───── Data ─────

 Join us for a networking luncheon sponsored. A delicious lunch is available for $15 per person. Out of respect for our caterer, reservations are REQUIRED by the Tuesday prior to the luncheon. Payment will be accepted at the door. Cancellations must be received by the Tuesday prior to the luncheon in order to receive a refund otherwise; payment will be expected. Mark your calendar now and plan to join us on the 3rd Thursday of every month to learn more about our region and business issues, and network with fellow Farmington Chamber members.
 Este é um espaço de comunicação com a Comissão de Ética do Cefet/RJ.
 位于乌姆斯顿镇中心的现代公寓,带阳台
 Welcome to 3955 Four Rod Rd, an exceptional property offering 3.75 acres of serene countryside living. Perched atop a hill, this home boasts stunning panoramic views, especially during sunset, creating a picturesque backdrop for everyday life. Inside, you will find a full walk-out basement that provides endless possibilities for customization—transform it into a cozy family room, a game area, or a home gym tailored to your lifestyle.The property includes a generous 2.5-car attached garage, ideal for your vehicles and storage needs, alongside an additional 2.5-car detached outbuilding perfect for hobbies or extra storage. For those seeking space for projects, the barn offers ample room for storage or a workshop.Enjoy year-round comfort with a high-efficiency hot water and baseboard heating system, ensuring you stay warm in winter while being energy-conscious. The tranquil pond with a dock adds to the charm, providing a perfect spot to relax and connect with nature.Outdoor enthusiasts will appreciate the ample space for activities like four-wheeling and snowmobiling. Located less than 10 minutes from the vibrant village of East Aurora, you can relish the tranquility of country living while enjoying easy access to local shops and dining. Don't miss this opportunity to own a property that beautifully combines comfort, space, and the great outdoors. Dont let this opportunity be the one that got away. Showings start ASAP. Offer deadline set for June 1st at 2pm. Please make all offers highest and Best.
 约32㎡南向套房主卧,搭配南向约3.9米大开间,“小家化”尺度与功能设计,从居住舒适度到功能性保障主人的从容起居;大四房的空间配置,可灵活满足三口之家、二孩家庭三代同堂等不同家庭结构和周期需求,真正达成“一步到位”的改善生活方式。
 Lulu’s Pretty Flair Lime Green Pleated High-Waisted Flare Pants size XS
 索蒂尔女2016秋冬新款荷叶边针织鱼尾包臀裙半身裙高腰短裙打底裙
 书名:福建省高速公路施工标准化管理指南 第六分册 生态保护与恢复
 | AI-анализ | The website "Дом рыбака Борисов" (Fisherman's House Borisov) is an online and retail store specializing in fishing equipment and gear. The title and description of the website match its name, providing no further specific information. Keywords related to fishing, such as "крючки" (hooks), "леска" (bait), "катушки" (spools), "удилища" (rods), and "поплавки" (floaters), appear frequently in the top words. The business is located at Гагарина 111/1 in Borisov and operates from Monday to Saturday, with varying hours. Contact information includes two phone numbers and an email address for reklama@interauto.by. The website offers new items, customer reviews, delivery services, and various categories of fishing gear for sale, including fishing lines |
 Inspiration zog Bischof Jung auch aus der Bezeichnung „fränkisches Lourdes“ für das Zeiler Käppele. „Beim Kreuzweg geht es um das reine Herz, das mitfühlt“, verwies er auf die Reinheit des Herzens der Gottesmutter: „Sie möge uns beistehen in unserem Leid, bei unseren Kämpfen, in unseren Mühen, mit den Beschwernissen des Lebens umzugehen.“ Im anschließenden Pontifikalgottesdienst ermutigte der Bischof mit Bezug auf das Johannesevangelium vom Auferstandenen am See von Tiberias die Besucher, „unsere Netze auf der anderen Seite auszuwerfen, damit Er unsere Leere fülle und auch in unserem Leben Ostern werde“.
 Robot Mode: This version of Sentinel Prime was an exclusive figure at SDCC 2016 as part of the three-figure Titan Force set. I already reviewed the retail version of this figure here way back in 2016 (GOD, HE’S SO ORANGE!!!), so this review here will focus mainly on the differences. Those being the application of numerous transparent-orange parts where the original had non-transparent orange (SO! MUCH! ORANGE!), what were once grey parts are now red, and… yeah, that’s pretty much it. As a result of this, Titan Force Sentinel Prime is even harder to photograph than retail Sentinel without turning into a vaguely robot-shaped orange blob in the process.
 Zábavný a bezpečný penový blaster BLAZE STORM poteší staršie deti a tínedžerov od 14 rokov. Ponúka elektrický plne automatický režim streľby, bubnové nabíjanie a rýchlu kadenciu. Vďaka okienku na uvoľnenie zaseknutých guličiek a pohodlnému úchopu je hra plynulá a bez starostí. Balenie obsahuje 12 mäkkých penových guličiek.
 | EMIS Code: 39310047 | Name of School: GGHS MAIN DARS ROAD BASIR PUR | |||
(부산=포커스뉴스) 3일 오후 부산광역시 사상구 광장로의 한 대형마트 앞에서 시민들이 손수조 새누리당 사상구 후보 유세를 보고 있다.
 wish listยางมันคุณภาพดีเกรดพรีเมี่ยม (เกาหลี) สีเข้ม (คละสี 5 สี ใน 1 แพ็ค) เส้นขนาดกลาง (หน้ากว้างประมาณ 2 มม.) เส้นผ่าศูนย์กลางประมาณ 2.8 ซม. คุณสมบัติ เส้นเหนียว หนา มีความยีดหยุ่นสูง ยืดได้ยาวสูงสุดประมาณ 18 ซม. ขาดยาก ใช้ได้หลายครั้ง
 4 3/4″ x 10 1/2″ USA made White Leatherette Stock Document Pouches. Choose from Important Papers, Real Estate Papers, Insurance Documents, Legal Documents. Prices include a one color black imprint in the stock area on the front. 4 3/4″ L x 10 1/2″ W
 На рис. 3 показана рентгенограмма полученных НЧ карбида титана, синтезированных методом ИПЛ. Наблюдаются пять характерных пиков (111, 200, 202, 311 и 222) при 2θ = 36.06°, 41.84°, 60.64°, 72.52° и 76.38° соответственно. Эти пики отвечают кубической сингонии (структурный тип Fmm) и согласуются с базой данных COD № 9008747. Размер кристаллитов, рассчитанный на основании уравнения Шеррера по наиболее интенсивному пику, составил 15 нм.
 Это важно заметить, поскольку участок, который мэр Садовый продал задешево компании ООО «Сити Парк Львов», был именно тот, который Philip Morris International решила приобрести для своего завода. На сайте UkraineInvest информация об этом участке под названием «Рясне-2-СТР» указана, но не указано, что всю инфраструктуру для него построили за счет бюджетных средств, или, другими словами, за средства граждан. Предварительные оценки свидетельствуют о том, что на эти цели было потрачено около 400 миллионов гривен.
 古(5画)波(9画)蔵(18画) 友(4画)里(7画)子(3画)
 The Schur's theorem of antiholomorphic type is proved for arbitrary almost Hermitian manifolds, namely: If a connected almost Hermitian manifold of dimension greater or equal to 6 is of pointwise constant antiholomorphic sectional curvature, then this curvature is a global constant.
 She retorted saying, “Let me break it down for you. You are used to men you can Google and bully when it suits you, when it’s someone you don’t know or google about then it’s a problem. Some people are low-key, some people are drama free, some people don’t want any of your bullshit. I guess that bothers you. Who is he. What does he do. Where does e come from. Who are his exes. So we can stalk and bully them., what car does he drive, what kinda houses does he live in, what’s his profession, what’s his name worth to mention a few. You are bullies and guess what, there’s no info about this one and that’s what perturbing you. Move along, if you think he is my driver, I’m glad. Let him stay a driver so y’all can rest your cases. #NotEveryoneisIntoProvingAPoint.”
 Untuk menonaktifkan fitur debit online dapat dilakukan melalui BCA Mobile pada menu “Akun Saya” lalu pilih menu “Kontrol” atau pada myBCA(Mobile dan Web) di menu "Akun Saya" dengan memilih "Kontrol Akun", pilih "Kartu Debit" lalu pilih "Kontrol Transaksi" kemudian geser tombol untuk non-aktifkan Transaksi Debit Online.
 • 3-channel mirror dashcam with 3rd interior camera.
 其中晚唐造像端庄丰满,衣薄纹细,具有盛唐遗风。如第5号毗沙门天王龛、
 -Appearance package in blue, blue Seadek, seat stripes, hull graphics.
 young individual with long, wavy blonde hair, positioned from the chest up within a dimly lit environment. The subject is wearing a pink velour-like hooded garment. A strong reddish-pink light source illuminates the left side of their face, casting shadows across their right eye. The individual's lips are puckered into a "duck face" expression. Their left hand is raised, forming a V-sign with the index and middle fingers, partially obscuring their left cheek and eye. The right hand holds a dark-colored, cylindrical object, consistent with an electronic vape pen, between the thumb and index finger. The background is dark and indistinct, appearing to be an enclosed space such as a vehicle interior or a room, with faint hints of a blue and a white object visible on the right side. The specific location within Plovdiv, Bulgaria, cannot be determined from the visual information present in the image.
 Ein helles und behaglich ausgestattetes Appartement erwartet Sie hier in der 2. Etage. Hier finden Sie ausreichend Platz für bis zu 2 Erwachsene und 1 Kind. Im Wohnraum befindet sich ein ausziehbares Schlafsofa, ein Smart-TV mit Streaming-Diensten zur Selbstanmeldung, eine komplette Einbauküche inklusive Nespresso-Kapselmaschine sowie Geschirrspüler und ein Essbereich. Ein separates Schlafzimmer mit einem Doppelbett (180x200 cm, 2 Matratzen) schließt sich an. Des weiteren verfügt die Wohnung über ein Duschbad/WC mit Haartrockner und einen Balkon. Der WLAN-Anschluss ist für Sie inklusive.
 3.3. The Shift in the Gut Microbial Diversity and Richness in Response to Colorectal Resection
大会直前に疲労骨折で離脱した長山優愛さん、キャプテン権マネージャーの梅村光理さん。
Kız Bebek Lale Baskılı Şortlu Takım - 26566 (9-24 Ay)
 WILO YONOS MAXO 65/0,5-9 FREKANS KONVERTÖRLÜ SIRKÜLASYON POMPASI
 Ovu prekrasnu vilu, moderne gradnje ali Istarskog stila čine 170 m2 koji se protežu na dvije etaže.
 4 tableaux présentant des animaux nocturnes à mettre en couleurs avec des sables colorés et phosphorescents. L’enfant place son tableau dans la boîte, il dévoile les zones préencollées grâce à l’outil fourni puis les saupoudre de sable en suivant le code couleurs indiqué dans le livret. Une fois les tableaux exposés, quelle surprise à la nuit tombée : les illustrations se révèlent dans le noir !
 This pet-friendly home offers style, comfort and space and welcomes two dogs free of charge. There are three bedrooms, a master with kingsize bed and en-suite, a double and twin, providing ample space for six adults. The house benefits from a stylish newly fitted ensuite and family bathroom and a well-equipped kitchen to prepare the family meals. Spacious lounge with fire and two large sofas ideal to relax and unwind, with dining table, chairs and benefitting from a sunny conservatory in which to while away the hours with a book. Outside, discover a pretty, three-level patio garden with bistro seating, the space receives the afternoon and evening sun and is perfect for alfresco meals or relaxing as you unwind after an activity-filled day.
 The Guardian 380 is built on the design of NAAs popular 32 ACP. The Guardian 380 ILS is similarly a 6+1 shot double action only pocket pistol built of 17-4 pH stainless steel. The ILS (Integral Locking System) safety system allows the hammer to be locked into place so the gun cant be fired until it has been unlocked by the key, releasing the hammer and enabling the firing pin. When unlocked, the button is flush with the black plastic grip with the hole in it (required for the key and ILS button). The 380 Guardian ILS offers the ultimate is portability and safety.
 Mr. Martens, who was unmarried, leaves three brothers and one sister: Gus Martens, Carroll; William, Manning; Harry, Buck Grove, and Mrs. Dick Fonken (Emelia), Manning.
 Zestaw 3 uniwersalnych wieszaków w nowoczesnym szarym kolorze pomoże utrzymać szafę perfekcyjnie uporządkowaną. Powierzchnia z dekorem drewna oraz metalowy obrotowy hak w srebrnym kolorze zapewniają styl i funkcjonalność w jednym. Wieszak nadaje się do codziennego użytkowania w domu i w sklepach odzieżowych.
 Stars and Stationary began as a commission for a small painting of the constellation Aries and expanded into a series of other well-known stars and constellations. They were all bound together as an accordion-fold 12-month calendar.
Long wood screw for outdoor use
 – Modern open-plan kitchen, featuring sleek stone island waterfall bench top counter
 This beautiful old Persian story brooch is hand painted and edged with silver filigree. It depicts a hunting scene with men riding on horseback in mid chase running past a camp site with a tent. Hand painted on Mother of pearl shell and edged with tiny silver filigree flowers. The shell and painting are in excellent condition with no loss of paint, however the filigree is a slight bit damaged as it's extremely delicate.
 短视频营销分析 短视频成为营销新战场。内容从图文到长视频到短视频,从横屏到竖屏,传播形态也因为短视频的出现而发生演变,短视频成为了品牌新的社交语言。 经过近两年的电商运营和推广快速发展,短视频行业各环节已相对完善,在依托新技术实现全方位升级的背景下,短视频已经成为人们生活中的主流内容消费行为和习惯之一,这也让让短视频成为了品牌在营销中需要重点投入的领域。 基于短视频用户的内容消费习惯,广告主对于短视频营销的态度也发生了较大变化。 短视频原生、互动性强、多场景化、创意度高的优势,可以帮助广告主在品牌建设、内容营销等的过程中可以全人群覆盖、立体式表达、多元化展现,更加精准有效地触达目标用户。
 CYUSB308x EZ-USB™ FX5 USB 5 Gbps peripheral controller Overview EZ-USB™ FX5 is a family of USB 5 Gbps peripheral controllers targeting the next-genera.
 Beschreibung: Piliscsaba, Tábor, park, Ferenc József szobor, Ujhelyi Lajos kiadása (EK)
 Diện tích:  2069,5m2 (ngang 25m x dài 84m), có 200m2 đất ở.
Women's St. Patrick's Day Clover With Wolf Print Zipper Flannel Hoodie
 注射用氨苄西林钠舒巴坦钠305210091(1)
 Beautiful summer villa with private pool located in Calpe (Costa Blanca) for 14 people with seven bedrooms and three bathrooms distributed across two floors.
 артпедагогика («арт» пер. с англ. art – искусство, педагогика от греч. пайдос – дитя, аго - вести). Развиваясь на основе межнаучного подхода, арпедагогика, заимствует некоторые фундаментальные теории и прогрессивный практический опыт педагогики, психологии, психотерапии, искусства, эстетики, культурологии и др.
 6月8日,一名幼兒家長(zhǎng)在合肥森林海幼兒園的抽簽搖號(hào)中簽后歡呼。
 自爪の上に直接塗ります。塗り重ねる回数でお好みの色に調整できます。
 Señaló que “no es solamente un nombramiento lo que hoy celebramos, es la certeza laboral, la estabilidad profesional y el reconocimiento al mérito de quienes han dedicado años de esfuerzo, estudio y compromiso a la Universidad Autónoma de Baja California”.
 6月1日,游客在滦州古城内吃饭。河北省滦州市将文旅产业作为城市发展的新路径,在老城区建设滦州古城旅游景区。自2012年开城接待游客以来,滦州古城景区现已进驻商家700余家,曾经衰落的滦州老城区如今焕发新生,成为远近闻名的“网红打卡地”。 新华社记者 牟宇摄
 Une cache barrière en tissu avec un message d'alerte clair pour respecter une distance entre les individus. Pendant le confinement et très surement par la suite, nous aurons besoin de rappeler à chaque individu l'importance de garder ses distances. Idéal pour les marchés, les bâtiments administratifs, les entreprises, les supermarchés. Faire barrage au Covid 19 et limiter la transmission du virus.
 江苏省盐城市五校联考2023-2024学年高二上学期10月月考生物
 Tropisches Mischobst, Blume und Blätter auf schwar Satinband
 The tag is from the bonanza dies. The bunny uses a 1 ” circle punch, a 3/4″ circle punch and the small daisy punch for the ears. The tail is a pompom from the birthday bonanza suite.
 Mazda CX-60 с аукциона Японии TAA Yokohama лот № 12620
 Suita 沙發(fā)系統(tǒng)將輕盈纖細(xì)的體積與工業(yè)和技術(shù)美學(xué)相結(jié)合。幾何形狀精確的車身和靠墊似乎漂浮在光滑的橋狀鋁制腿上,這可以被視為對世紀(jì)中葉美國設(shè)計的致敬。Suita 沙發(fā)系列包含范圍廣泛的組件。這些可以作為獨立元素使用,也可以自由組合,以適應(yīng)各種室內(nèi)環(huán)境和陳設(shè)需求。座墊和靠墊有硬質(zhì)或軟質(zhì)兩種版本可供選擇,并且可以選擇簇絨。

─────

__Problem statement__: Go to the line in the material above that contains "约32㎡南向套房主卧,搭配南" and copy exactly from there through the line that contains "Inspiration zog Bischof", stopping after it.

__Result below__:
 约32㎡南向套房主卧,搭配南向约3.9米大开间,“小家化”尺度与功能设计,从居住舒适度到功能性保障主人的从容起居;大四房的空间配置,可灵活满足三口之家、二孩家庭三代同堂等不同家庭结构和周期需求,真正达成“一步到位”的改善生活方式。
 Lulu’s Pretty Flair Lime Green Pleated High-Waisted Flare Pants size XS
 索蒂尔女2016秋冬新款荷叶边针织鱼尾包臀裙半身裙高腰短裙打底裙
 书名:福建省高速公路施工标准化管理指南 第六分册 生态保护与恢复
 | AI-анализ | The website "Дом рыбака Борисов" (Fisherman's House Borisov) is an online and retail store specializing in fishing equipment and gear. The title and description of the website match its name, providing no further specific information. Keywords related to fishing, such as "крючки" (hooks), "леска" (bait), "катушки" (spools), "удилища" (rods), and "поплавки" (floaters), appear frequently in the top words. The business is located at Гагарина 111/1 in Borisov and operates from Monday to Saturday, with varying hours. Contact information includes two phone numbers and an email address for reklama@interauto.by. The website offers new items, customer reviews, delivery services, and various categories of fishing gear for sale, including fishing lines |
 Inspiration zog Bischof Jung auch aus der Bezeichnung „fränkisches Lourdes“ für das Zeiler Käppele. „Beim Kreuzweg geht es um das reine Herz, das mitfühlt“, verwies er auf die Reinheit des Herzens der Gottesmutter: „Sie möge uns beistehen in unserem Leid, bei unseren Kämpfen, in unseren Mühen, mit den Beschwernissen des Lebens umzugehen.“ Im anschließenden Pontifikalgottesdienst ermutigte der Bischof mit Bezug auf das Johannesevangelium vom Auferstandenen am See von Tiberias die Besucher, „unsere Netze auf der anderen Seite auszuwerfen, damit Er unsere Leere fülle und auch in unserem Leben Ostern werde“.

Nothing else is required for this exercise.